* TASK GOAL
Take the lines below beginning at the line that has "Application of isothermal" and stopping after the line that has "东安县2025年法治政府建设报告", and print them exactly as they are, with no other lines.

* DATASET EXCERPTS
= = = =

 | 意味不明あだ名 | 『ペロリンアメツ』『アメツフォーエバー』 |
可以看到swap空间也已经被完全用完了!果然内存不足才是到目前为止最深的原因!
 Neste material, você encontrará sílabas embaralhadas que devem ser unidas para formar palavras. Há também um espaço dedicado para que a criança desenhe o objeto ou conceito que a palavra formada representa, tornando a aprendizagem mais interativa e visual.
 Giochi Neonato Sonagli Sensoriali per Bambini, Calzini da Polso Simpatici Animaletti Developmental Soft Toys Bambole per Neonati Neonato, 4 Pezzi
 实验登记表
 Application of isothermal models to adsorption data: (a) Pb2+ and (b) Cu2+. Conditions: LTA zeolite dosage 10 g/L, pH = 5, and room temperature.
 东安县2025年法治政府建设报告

= = = =

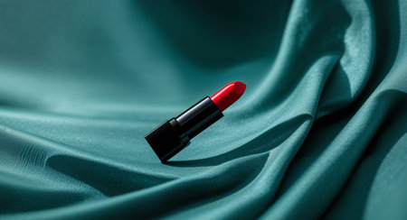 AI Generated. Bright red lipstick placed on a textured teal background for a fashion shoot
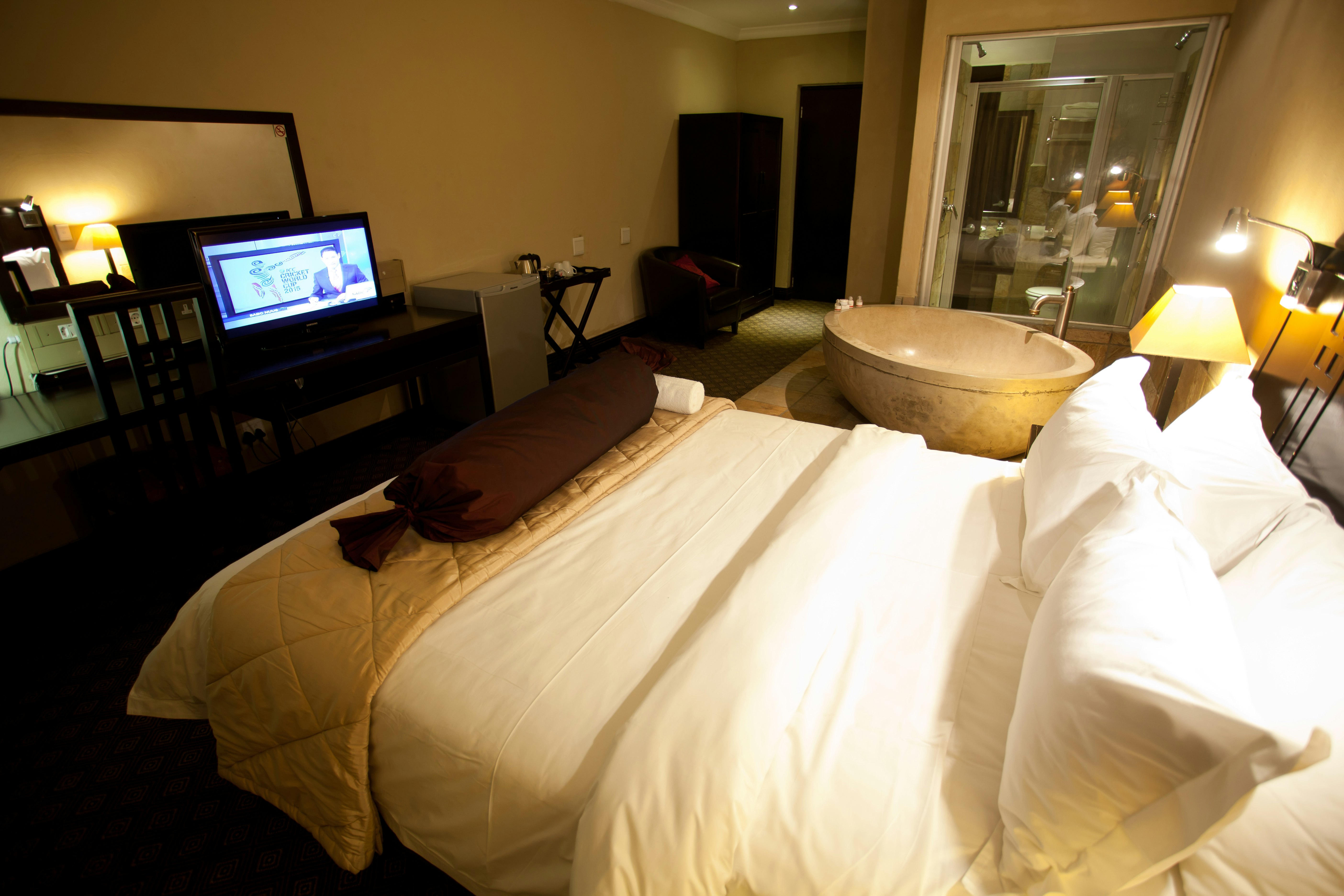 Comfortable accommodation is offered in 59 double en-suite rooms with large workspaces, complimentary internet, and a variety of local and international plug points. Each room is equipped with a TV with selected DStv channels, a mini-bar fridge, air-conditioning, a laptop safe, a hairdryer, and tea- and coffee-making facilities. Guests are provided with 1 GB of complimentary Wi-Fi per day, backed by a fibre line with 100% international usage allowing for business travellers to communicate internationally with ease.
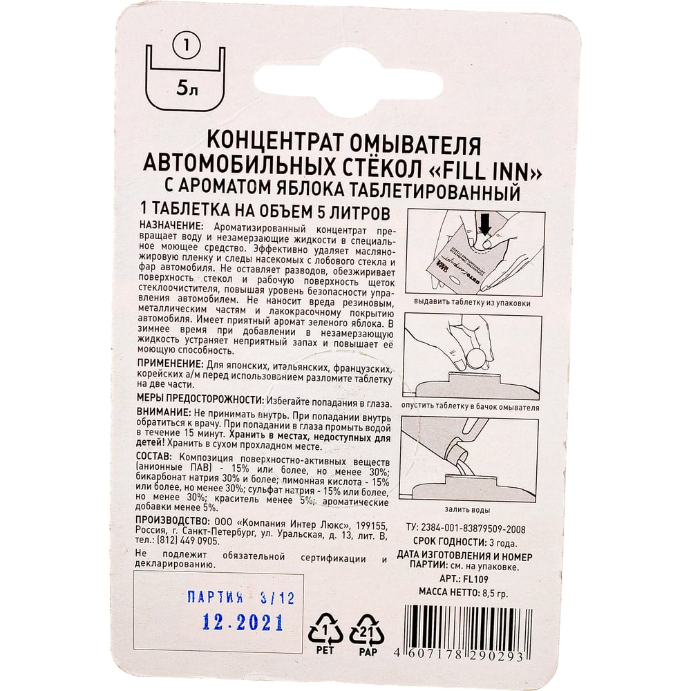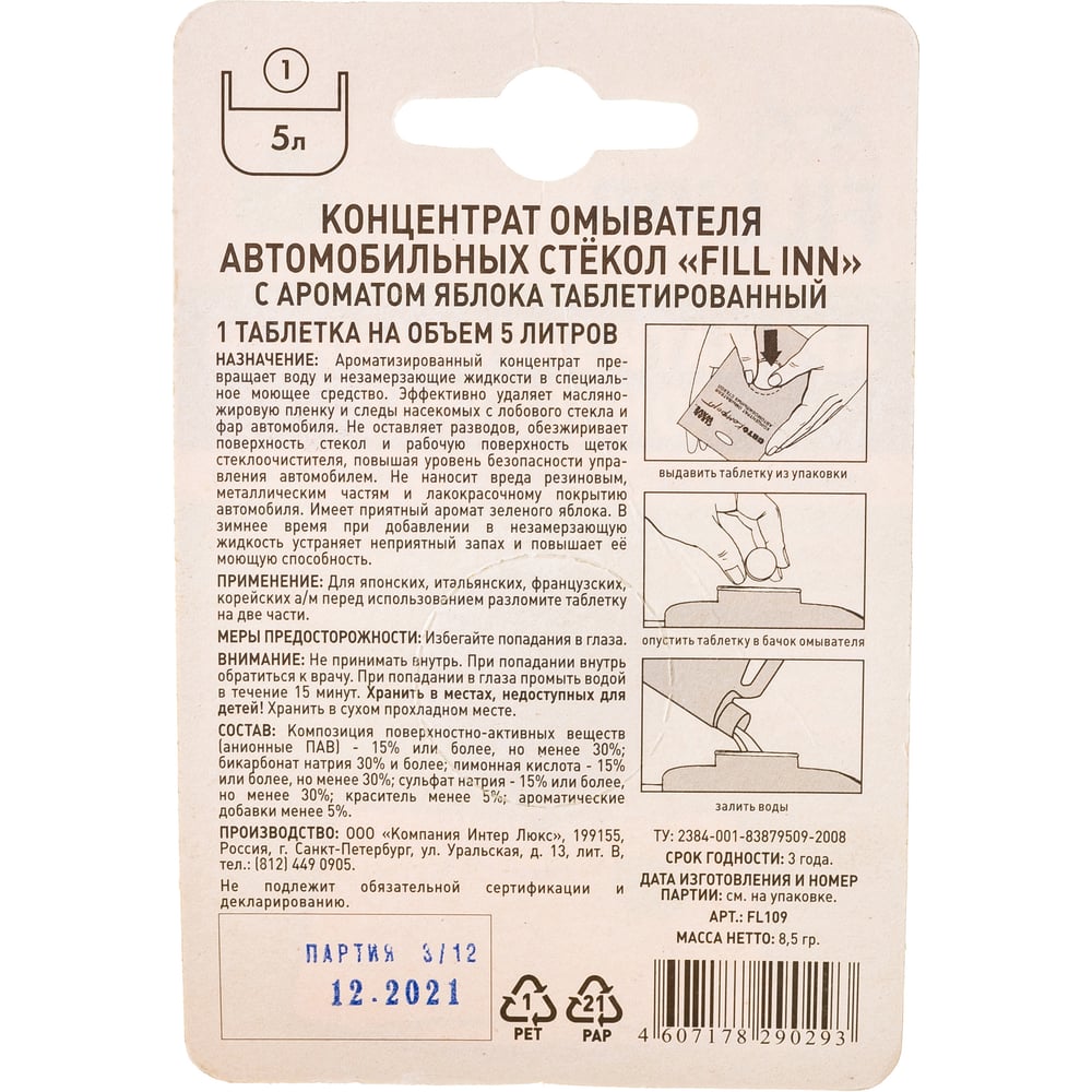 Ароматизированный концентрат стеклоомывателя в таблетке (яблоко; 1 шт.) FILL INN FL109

= = = =

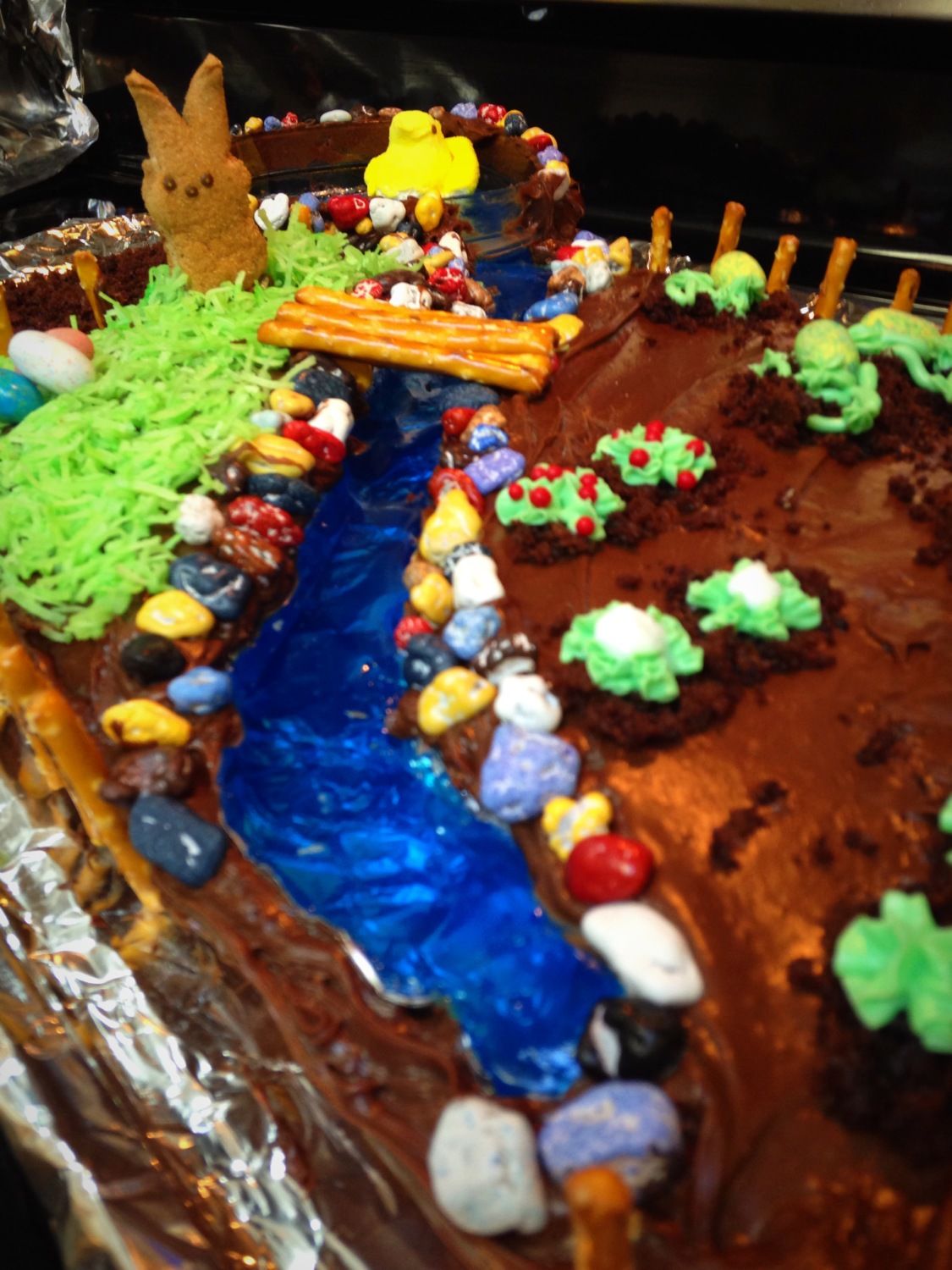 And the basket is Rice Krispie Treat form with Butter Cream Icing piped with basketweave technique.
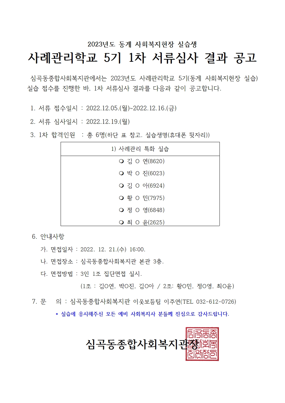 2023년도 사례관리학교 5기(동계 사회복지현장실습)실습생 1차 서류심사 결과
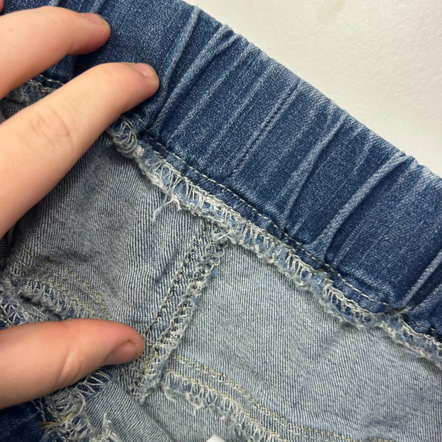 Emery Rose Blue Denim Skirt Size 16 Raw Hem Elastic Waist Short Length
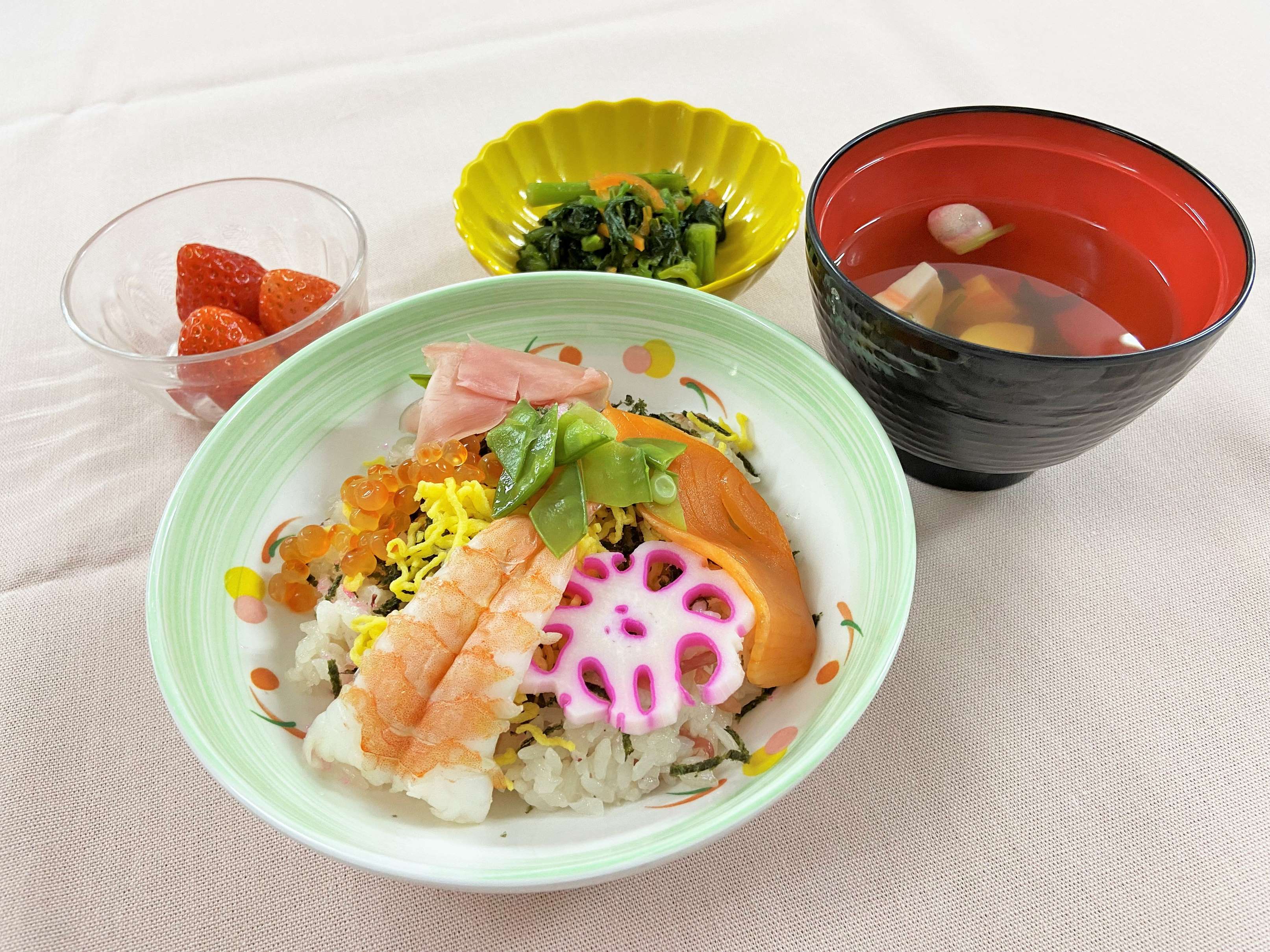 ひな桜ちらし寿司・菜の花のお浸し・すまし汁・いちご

= = = =

* SOLUTION FOR THIS TASK
 Application of isothermal models to adsorption data: (a) Pb2+ and (b) Cu2+. Conditions: LTA zeolite dosage 10 g/L, pH = 5, and room temperature.
 东安县2025年法治政府建设报告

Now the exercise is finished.